You want "12" and "8" to be indexed as separate tokens, even though there's no whitespace between the elements. By default, eXist will indeed pass the content of the two elements to Lucene as separate strings and Lucene will thus see two tokens instead of just "128".

However, you usually don't want this behaviour for mixed content nodes. For example:

Example: Mixed Content Node

<p>This is <b>un</b>clear.</p>

In this case, you want "unclear" to be indexed as one word. This can be done by telling eXist which nodes are "inline" nodes. The example configuration above defines:

<inline qname="b"/>

The <inline> option can be specified globally, which means it will be applied to all <b> elements, or per-index:

<text qname="p">
    <inline qname="em"/>
</text>

Ignored elements

Also, it is sometimes necessary to skip the content of an inlined element, which can appear in the middle of a text sequence you want to index. Notes are a good example:

Example: Paragraph With Inline Note

<p>This is a paragraph
<note>containing an inline note</note>.</p>

Use an <ignore> element in the collection configuration to have eXist ignore the note:

<ignore qname="note"/>

Basically, <ignore> simply allows you to hide a chunk of text before Lucene sees it.

Like the <inline> tag, <ignore> may appear globally or within a single index definition.

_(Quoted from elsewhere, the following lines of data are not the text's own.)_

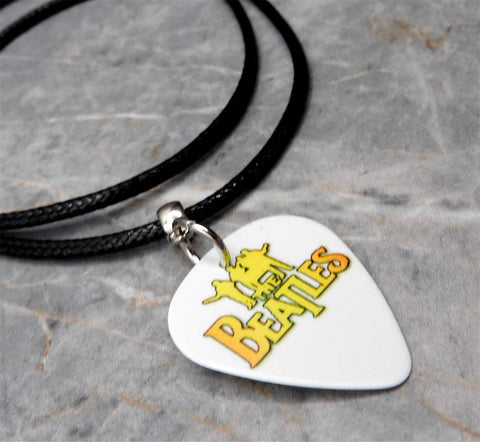 Orange and Yellow The Beatles Guitar Pick Necklace with Black Rolled Cord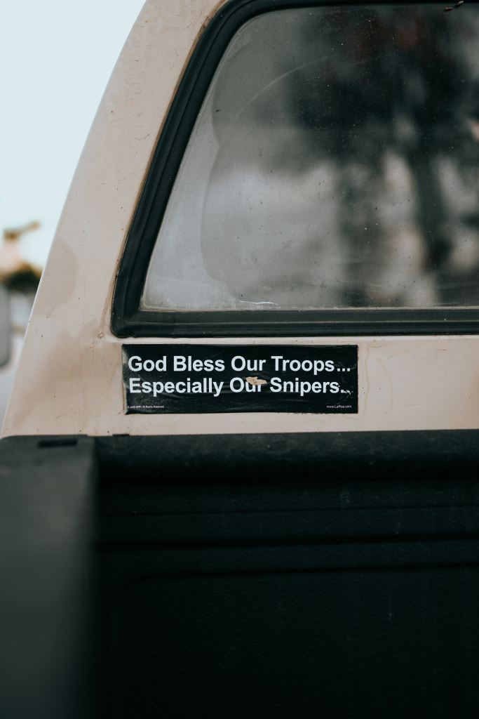 He zoomed in and snapped a pic. “Assault Life” but in the “Salt Life” font, with an assault rifle under it. Across the rest of the glass, a swarm of American flags and Consitution stickers elbowed each other for space, taunting the Libs and giving Critter an idea for a joke. Something about big trucks being popular around here because whatever was written on the back window was the longest thing the owner’s ever read.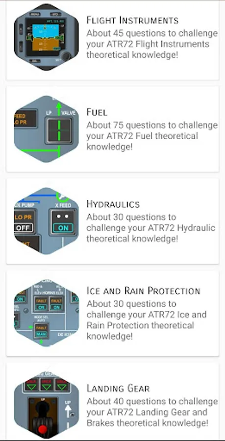 With over 700 questions in the Question Bank, we are confident it will fully prepare you to take your ATR 72 Technical Exam or to stay current and revise the systems. Track your progress, see your exam success rate and increase your technical knowledge.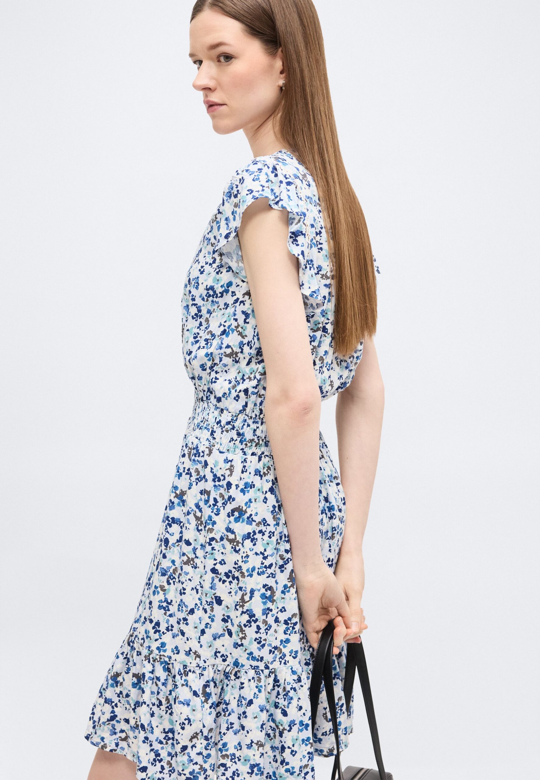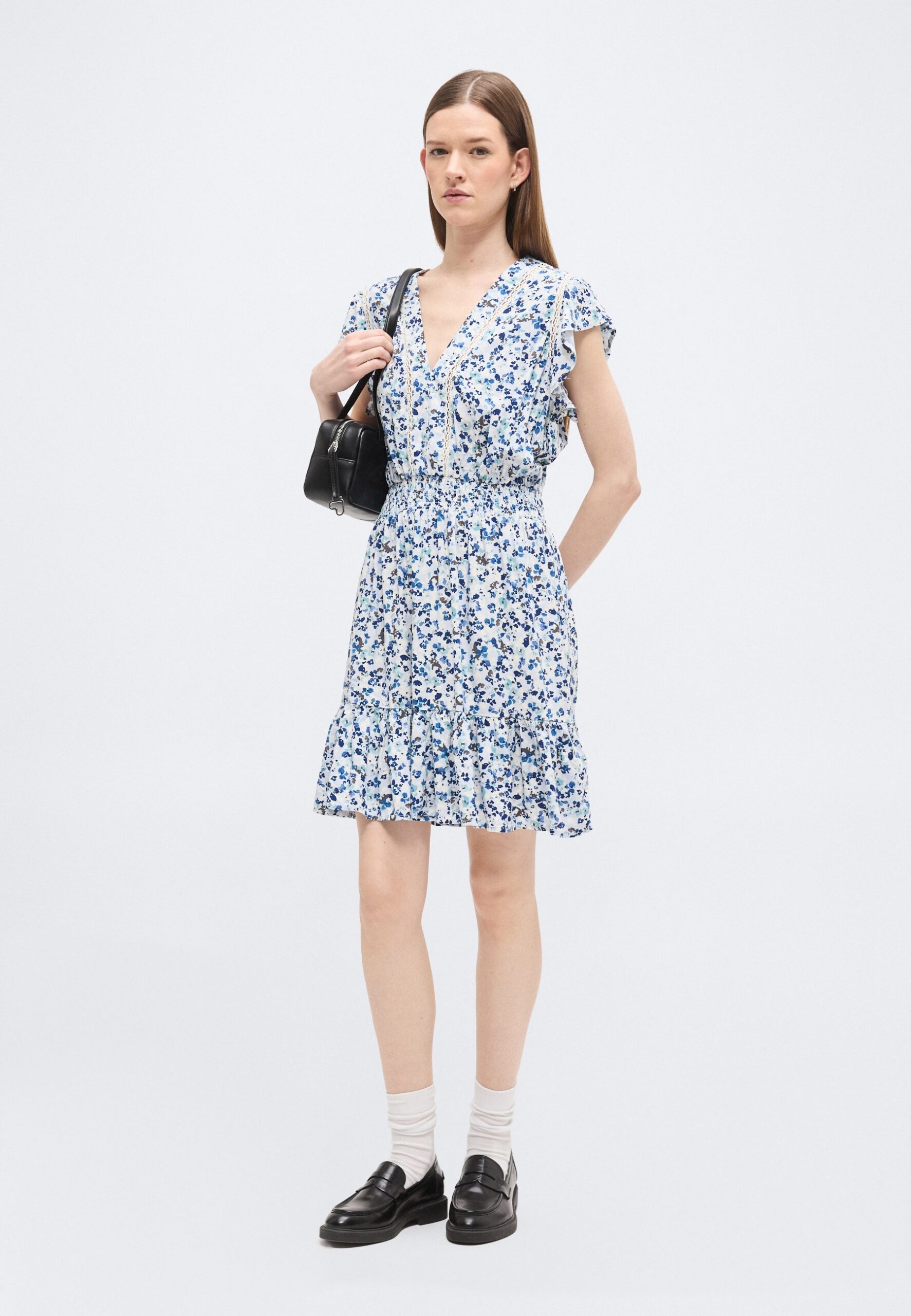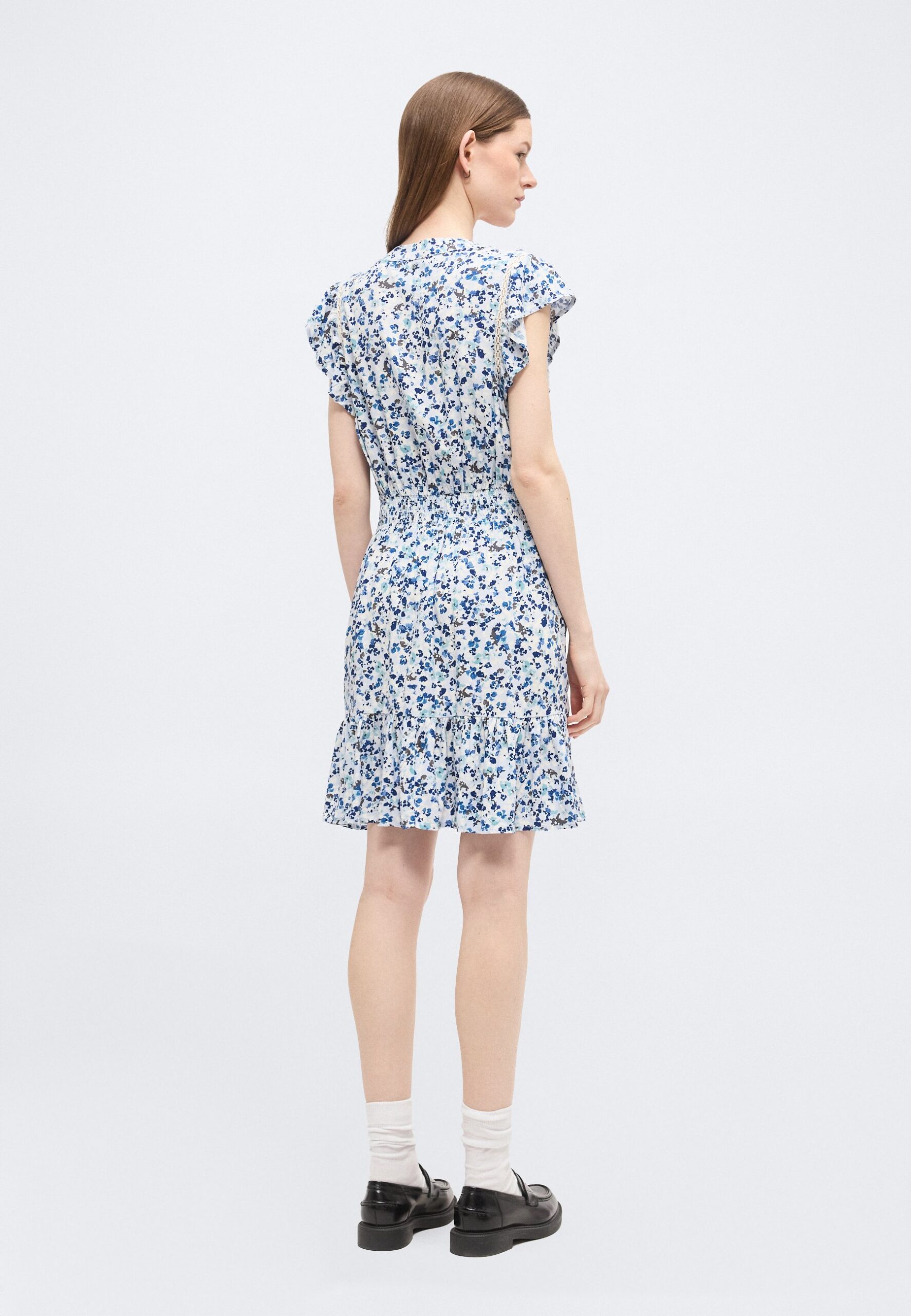 FLUTTER SLEEVE SMOCKED WAIST V NECK DRESS INSETS – Day dress – coastline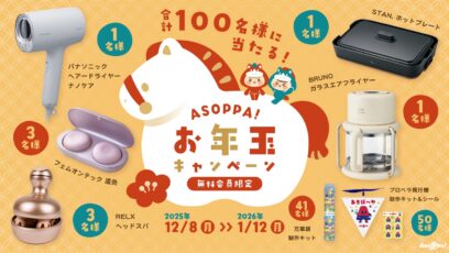 ネット応募の懸賞パナソニック ヘアードライヤー ナノケア、STAN.ホットプレート、BRUNO エアフライヤー、RELX ヘッドスパなどを合計100名様にプレゼント 締切:2026-01-12 ASOPPA! 2026年 お年玉キャンペーン 賞品: パナソニック ヘアードライヤー ナノケア ミストグレー STAN.ホットプレート EA-FA10 BA BRUNO...ネット応募の懸賞大量当選(100名~)の懸賞豪華賞品が当たる懸賞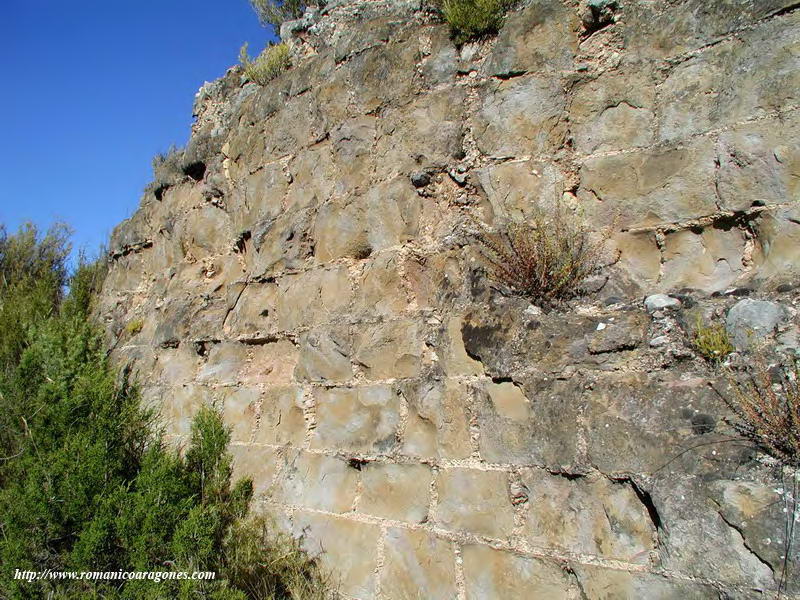 Berdejo es tierra de frontera. Es una de las extremaduras del viejo reino. Próxima a tierras sorianas de Castilla y por tanto, defendidos sus pasos naturales con castillos y atalayas en altura.Y la cuenca del río Manubles es un paso natural de primer orden. Sus serpenteantes recodos han labrado cortadas y paredones de gran belleza.Mucho antes de llegar a Berdejo, ya sabemos de su proximidad por la altiva figura -todavía- de su castillo. El caserío se extiende en ladera a su lado sur y llega hasta el río.Y como no podía ser menos, la iglesia castrense de San Millán se yergue sobre un peñasco de vertiginosa cortada sobre la carretera y el río (Imágenes 3 y 5). Fácil de defender en caso de apuro.De la iglesia románica original, queda poco; pero lo que aguanta nos hace suponer su imponente aspecto. Cabecera y presbiterio es lo que resta de su fábrica de finales del XII o principios del XIII. Con el paso del tiempo, las reformas desvirtuaron su aspecto original. Buena parte de lo que ahora vemos es del XVII.Cuatro semicolumnas adosadas al cilindro absidal lo segmentan en cinco lienzos. Hubo ventanal centrando el medial; pero actualmente está cegado (Imagen 5). Las semicolumas acaban en sencillos capiteles que contribuyen a sustentar la cornisa junto a canecillos de perfil liso. A pesar de su evidente deterioro, la visión frontal del ábside en su espectacular situación, sigue siendo imponente.5En las fechas que visité el templo (11-7-2006) está siendo sometido a obras de rehabilitación. De nuevo se puede ver una cimbra en su interior, preparada para cumplir su misión (Imágenes 6 y 7). La nave se compone de cuatro tramos divididos por tres fajones apuntados que en algunos tramos son de ladrillo. Por encima de los mismos se ha montado una cubierta metálica. Y en el piso, cemento generosamente extendido hasta los mismos paramentos verticales. Habrá que ver qué ocurre con la dilatación del mismo por el calor. En San Gil de Luna están sufriendo el mismo problema, a pesar de haber lo previsto e incluido una junta de dilatación.Andamios, sillares, material de obra... De nuevo un templo en marcha. Nunca se acaban las obras definitivamente. La imagen 10 muestra el interior del cilindro absidal, y sobre él, la bóveda de escayola con decoración geométrica. Ignoro si la original estará tras ella (Imágenes 10 y 11).Y allá en lo alto, al norte del templo, el castillo con su planta pentagonal, de ángulo orientado al este y cerrado por un elevado torreón. Su mayor diámetro (este-oeste) es de 37 metros, y a lo ancho mide20, siendo su área de 640 metros cuadrados. La fábrica es mayoritariamente de mampostería trabada con mortero, salvo en las zonas sensibles de su estructura como son las esquinas, donde aparecen buenos sillares. También es de sillares la totalidad del lienzo este de la citada torre (Imagen 13), en cuya base advertimos una portada de medio punto dovelado.13Asentado directamente sobre la roca, todo su perímetro, a excepción del lado este, es fácilmente defendible (Imágenes 13 y 16) siendo allí donde se elevó la torre mencionada (Imagen 15). Cronológicamente debe de corresponder a un momento avanzado del siglo XIII. Hay constancia documental de que fue fortificado por Pedro IV de Aragón en 1357, según cita Aramendía.Muy poco antes de llegar al pueblo, al lado derecho de la carretera, hay un puentecillo de un solo ojo. Es de arco de medi punto, con perfil de lomo de asno rebajado. Edificado en buena piedra sillar como la vista en el templo, debe de ser coetáneo del mismo, al servicio de las vías de comunicación de la zona.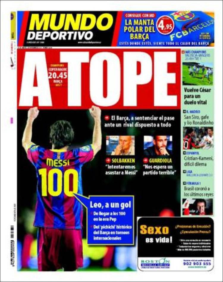 MUNDO DEPORTIVO RASSEGNA – Sul quotidiano catalano Mundo Deportivo si parla del match di questa sera tra Copenhagen e Barcellona per la quarta giornata di Champions League con Lionel Messi che con un gol toccherebbe quota 100 gol segnati nell’era Guardiola.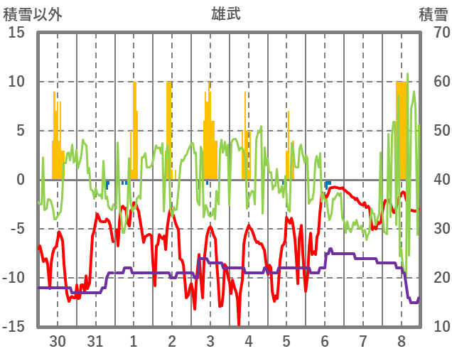 | 日 | 時 | 気温 | 降水 | 風向/風速 | 日照 | 積雪 | 降雪 |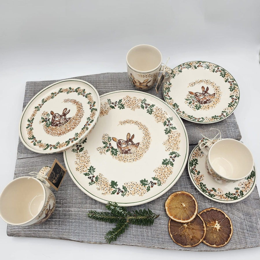 Talerz ceramiczny śniadaniowy UNIKAT Sarenki kaszubska ceramika ręcznie malowana Arbata sarenka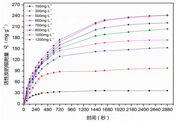 初始鉻黑T濃度對活性炭吸附的影響:用一系列鉻黑T水溶液(濃度:100.0-1200.0mg·L-1,體積:50mL)進行初始鉻黑T濃度效應實驗。將溶液的pH調節(jié)至合適,然后將溶液加入3.00g·L-1活性炭中,并將混合物在25℃的溫度下在振蕩器上平衡48小時,定期取水樣,測量鉻黑T水溶液的濃度,并計算吸附的鉻黑T量。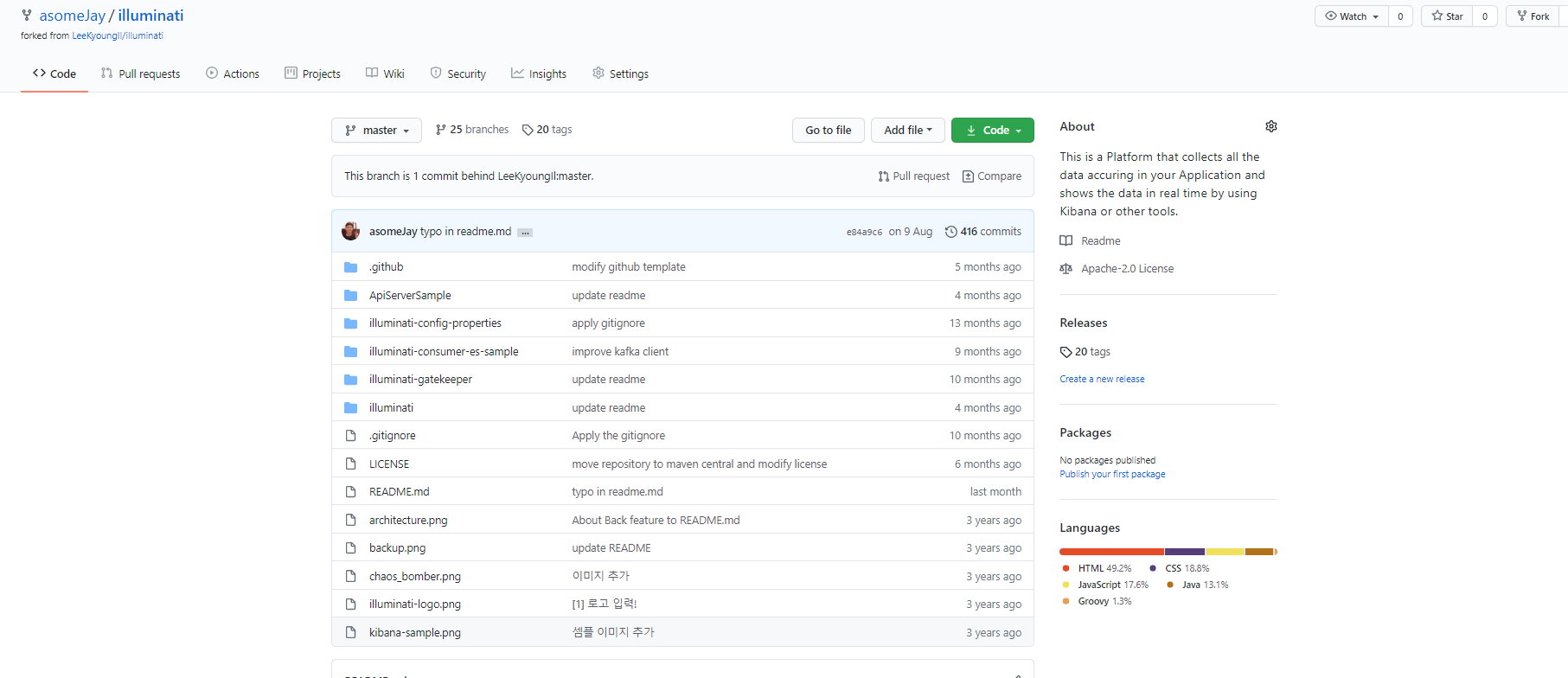 우선 원하는 Repository를 찾아서 Fork를 한다. 나는 이경일 개발자님의 Illuminati를 Fork했다. Illuminati는 Spring에서 로그를 자동으로 남겨준다. (나도 얼른 꼼꼼한 로그가 필요할 정도로 대규모 Product를 만지고 싶다.)

The <ignore> only applies to descendants of an indexed element. You can still create another index on the ignored element itself. For example, you can have index definitions for <p> and <note> :

Example: collection.xconf fragment

<lucene>
    <text qname="p"/>
    <text qname="note"/>
    <ignore qname="note"/>
</lucene>

If <note> appears within <p> , it will not be added to the index on <p> , but only to the index on <note> . This means that the query

//p[ft:query(., "note")]

may not return a hit if "note" occurs within a <note> , while

//p[ft:query(note, "note")] 

may still find a match.

3.3. Boost

A boost value can be assigned to an index to give it a higher score. The score for each match will be multiplied by the boost factor (default is: 1.0). For example, you may want to rank matches in titles higher than other matches. Here's how we configure the documentation search indexes in eXist:

Example: collection.xconf using boost

<lucene>
    <analyzer class="org.apache.lucene.analysis.standard.StandardAnalyzer"/>
    <text qname="section">
        <ignore qname="title"/>
        <ignore qname="programlisting"/>
        <ignore qname="screen"/>
        <ignore qname="synopsis"/>
    </text>
    <text qname="title" boost="2.0"/>
</lucene>

The title index gets a boost of 2.0 to make sure that title matches get a higher score. Since the <title> element does occur within <section> , we add an ignore rule to the index definition on the section and create a separate index on title. Without this, title would be matched two times.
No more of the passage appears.